En revanche, la caméra MIRI (Mid-Infrared Instrument) du JWST est équipée d’un coronographe, un système pouvant filtrer la lumière de l’étoile, comme une éclipse artificielle. De plus, la caméra observe le cosmos dans l’infrarouge moyen ou thermique, un rayonnement intensément émis par les objets froids comme Eps Ind Ab. Un autre avantage est la proximité d’Eps Ind A par rapport à la Terre. Plus cette distance est faible, plus sa séparation avec l’exoplanète apparaît grande sur une image, ce qui permet d’atténuer davantage l’interférence avec la lumière de l’étoile hôte.

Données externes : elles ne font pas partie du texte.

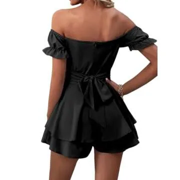 LYANER Women's Off the Shoulder Wrap Tie Up Back Ruffle Short Sleeve Romper Short Jumpsuit Black Small
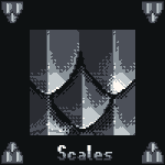 *You found a DRAGONHIDE SHIELD! "Nearly invulnerable to any sword or spell that might impede your quest. The scales are always warm to the touch." *EQUIP it now? >Y N (Rose&Rust palette) @Pixel_Dailies #pixel_dailies #scales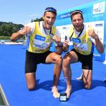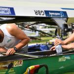 Für den leichten Männer-Doppelzweier hingegen war es ein Rennen nach Maß. Auf den ersten 1.000 m versuchten Konstantin Steinhübel (Akademischer Ruderclub Würzburg e.V.) und Jonathan Rommelmann (Crefelder Ruder-Club 1883 e.V.) in ihr Rennen zu finden und lagen noch auf dem fünften Rang. Ab dann lief es richtig – die Jungs von Karsten Timm erhöhten die Schlagzahl und schoben sich Meter für Meter nach vorne, ein spannender Dreikampf um die beiden direkten Finaltickets entwickelte sich. Mit nicht mal zwei Zehntel Vorsprung siegte das deutsche Duo vor dem Boot aus Frankreich und den Kanadiern. „Wir haben die ersten 1000 m genutzt, um ins Rennen reinzufinden, ab dann lief es super Wir haben den Kopf zu gemacht und einfach alles probiert. Das sah natürlich nicht richtig schön aus, aber es hat gereicht“, so Konstantin Steinhübel. „ Aber wir sind super zufrieden mit dem Rennen, wir haben viel probiert und gelernt. Selbst wenn es heute nicht gereicht hätte, könnten wir richtig zufrieden sein.“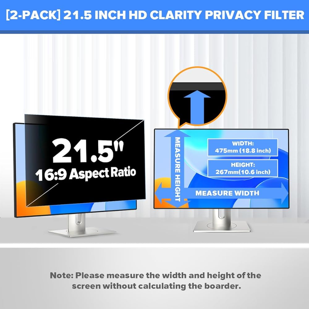 【2 Pack Ultra Slim Film】: To give you a modern and beautiful computer screen, this 2-pack privacy screen 21.5 inch monitor is designed to be thinner than computer privacy screen on Amazon market.Say goodbye to bulk and weight filters, our privacy screen for computer monitor reaches removable and reusable with the slim design. With the size of width 20.8"(475mm) and height 11.7"(267mm), it is compatible with the 23.8 inch privacy screen for monitor. It could removed easily when you don't need it.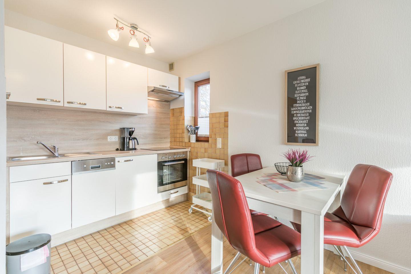 Ceranfeld, Backofen, Kühlschrank mit Gefrierfach, Geschirrspüler, Dunstabzug, Kaffeemaschine, Wasserkocher, Toaster, Eierkocher, Fenster

Les chercheurs ont constaté que les données concordaient avec les précédentes estimations de la masse de la planète. Cependant, sa position ne correspondait pas à ce qui a été suggéré antérieurement. « Nous avons découvert un signal dans nos données qui ne correspondait pas à l’exoplanète attendue. Le point lumineux sur l’image n’était pas à l’endroit prévu, mais la planète semblait toujours être une planète géante », indique Matthews.

Afin de confirmer qu’il s’agit bien de l’exoplanète en question et non d’un signal provenant d’une autre source en arrière-plan de l’image, les chercheurs ont comparé leurs données avec celles de la caméra infrarouge VISIR du Very Large Telescope (VLT) de l’Observatoire européen austral (ESO). Selon le coauteur de l’étude, Leindert Boogaard de l’Institut Max Planck d’astronomie, « il est toujours difficile d’en être certain, mais d’après les données, il semblait assez peu probable que le signal provienne d’une source de fond extragalactique ».

Par ailleurs, après une analyse plus approfondie du spectre de la planète, les chercheurs ont constaté que les données indiquaient d’importantes quantités d’éléments lourds, notamment des molécules carbonées telles que le méthane, le dioxyde de carbone et le monoxyde de carbone. Ces molécules sont couramment présentes dans les géantes gazeuses.

Toutefois, davantage de recherches sont nécessaires afin de pouvoir confirmer ces résultats. La prochaine étape de l’étude visera ainsi à collecter davantage de données spectrométriques pour analyser en détail la température et la composition chimique de la planète. Les experts prévoient également d’utiliser leur technique d’observation pour la détection d’autres géantes gazeuses froides. Cela pourrait permettre de les comparer aux géantes gazeuses du système solaire.